How to become a Lighting Director – Career Path:

  • Work experience: work experience is an amazing way the gain first hand experience in the industry. When it comes to work experience specifically for Lighting, this can be very hard to find. I found out that the best place to find work experience for this is to look into theatres. For instance you could ask at your local theatre to see if there was a production on that you could volunteer in to be a Lighting Director for.
  • University:  University is a really important step in the journey to become a Lighting Director. Going to university first and foremost helps you to gain valuable knowledge and experience.

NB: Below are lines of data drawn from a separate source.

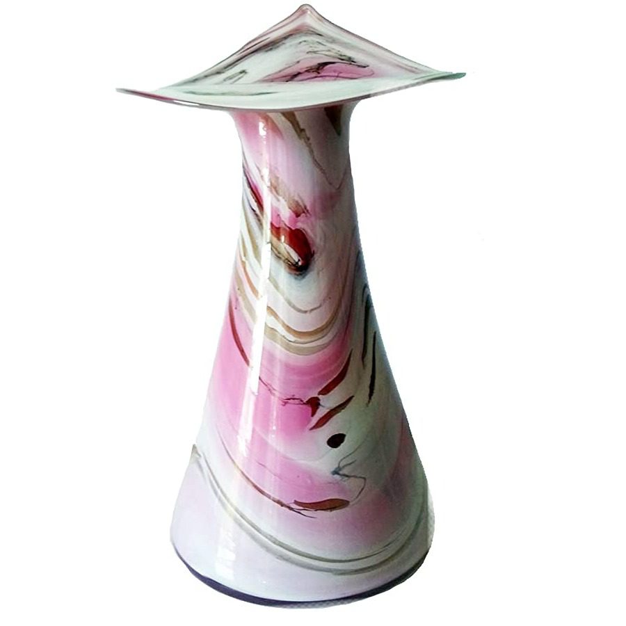 Schlagwörter: Dekoration Geschenk, Tischdekoration, Designervase, handgearbeitete Vase, Unikatvase, Dekoration rosa Glas
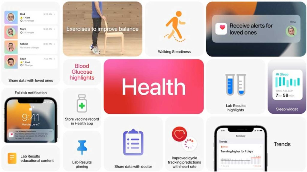 With sharing, family, and caregivers receive important notifications about their loved ones’ health and view things like health alerts, lab results, medications, activity, mobility data, heart rate data, and more in the Apple Health Sharing tab on their iPhone or iPad.
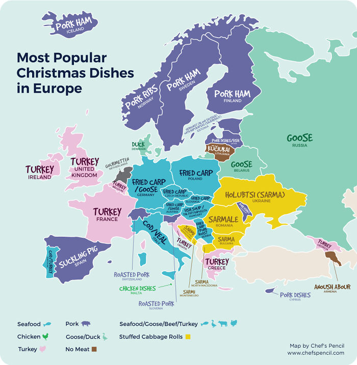 It might come as a surprise to some that pork is actually more popular than turkey around the world at Christmas time. Roasted suckling pig is the Christmas dish of choice in Argentina, Cuba, Spain, and Mexico, among others.
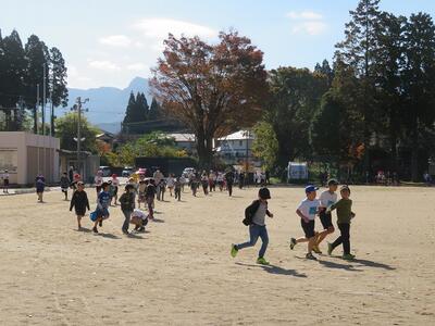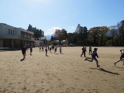 今朝は昨日の雨の影響か、かなり冷え込みを感じました。それでも3時間目ごろから天気になり外で元気に体育をする学年もありました。体育の様子です。2年生は持久走大会に向けての練習、5年生はハードル走でした。

You will be surrounded by people passionate about what you are, and this means you will be able to receive more contacts, which will really help in the future. Also, university will help you make your own luck. By this I mean university is a way to pick up contacts, learn, and get yourself out there. Finally, universities also provide a provable level or education.
  • from there you can go on to do a variety of different things. The three main things you can go on to do are internships, apprenticeships and freelance work. 

Internships:

An internship is where you work for free. Although this may seem like something negative, it is actually a really helpful and informative experience, that can not only give you more experience, but can also help you to get other jobs in the future. This is because when applying for jobs employers often look for previous experience. This is why internships can be very helpful when it comes to getting jobs in the future. As well as this it is an amazing memorable experience where you are doing what you love.

Apprenticeships:

An apprenticeship is basically a paid internship. You are payed to study. The good thing about apprenticeships is, firstly you are getting paid, secondly it is amazing work experience that employers will be looking for.
But you also get a certificate after it at the end, meaning the employers will see it as a form of education, suggesting you have lots of experience and knowledge in the field.

Freelance:

Freelance means that you are self employed. You with people who are creating films or TV shows. One example of this is that the BBC often employ freelance people to do things such as Lighting Engineering. This is a great way to work on lots of different things and put your work into action. The only negative thing about being a Freelancer is that you never know where your next job will be, and therefore when your next paycheque will come from.